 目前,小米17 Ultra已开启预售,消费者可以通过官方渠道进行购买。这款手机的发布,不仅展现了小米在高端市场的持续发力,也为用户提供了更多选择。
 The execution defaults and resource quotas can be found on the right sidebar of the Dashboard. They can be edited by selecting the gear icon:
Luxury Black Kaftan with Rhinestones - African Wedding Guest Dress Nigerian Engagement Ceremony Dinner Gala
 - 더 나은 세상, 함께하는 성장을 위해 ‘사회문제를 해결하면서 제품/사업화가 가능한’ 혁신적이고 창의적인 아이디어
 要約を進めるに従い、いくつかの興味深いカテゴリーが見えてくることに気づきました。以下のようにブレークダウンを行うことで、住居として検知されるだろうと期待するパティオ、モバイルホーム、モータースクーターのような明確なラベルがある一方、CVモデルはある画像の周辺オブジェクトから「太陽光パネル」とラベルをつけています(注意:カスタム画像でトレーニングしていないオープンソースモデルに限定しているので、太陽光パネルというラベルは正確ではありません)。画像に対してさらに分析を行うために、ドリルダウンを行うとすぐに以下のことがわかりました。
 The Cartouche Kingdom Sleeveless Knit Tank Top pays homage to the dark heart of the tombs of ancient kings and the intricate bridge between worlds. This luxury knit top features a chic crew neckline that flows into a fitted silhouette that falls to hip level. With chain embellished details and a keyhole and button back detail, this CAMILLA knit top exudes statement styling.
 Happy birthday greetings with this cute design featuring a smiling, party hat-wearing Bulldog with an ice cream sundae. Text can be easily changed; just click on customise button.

**TASK PROMPT:** Wherever the string "this" occurs in the data, copy the line that holds it.

**ANSWER:**
 The Cartouche Kingdom Sleeveless Knit Tank Top pays homage to the dark heart of the tombs of ancient kings and the intricate bridge between worlds. This luxury knit top features a chic crew neckline that flows into a fitted silhouette that falls to hip level. With chain embellished details and a keyhole and button back detail, this CAMILLA knit top exudes statement styling.
 Happy birthday greetings with this cute design featuring a smiling, party hat-wearing Bulldog with an ice cream sundae. Text can be easily changed; just click on customise button.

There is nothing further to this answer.